Have a question about this project? Sign up for a free GitHub account to open an issue and contact its maintainers and the community.

By clicking “Sign up for GitHub”, you agree to our terms of service and privacy statement. We’ll occasionally send you account related emails.

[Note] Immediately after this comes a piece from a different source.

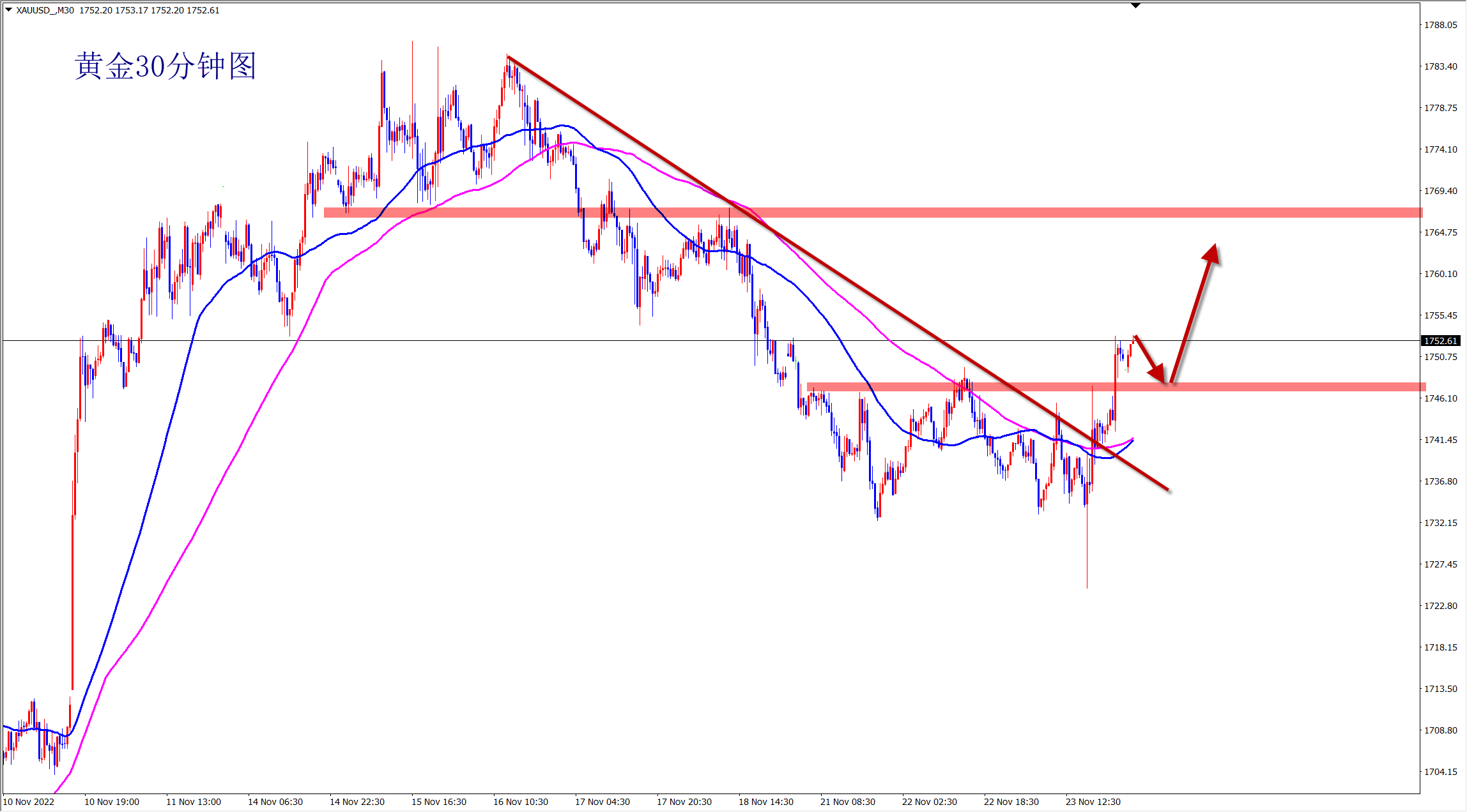 当前黄金已经突破下跌趋势线的压制,并且昨日破位大跌后被快速拉起,并且强势突破压力!凌晨美联储会议纪要,显示鸽派,大多数委员希望放缓加息步伐!利多黄金!今日黄金还要继续涨!

Already on GitHub? Sign in to your account

k3s cluster is not able to start after etcd db size reached 2.2GB #7293

Closed
batulziiy opened this issue Apr 17, 2023 · 1 comment
Closed

k3s cluster is not able to start after etcd db size reached 2.2GB #7293

batulziiy opened this issue Apr 17, 2023 · 1 comment

Comments

@batulziiy
Copy link

Environmental Info:
K3s Version:
v1.25.4+k3s1

Node(s) CPU architecture, OS, and Version:
Linux aokn-nlam-003 5.15.0-5.76.5.1.el9uek.x86_64 #2 SMP Fri Dec 9 18:37:36 PST 2022 x86_64 x86_64 x86_64 GNU/Linux

Cluster Configuration:
Cluster consists of 5 master nodes.

Describe the bug:
2 days ago, I found that the k3s service on all nodes was in "activating" status. Quickly checked log file with "journalctl -u k3s" command and it was clear that etcd db size was exceeded over the default size.
image
I tried to increase the db size by adding '--etcd-arg=quota-backend-bytes=6442450944' to /etc/systemd/system/k3s.service file. I believe etcd started with a new settings, but still k3s service fails to start.

Steps To Reproduce:

  1. Deploy k3s cluster with at least 3 nodes to run etcd
  2. Fill etcd db with 2GB size
  3. k3s service will fail to start
  4. Add extraArg --etcd-arg=quota-backend-bytes=6442450944 in /etc/systemd/system/k3s.service
  5. systemctl restart k3s
  • Installed K3s:

Expected behavior:
I expect k3s to run after set a new value of quota-backend-bytes.

Actual behavior:
Journalctl log says there is no space in etcd and k3s service is not able to start.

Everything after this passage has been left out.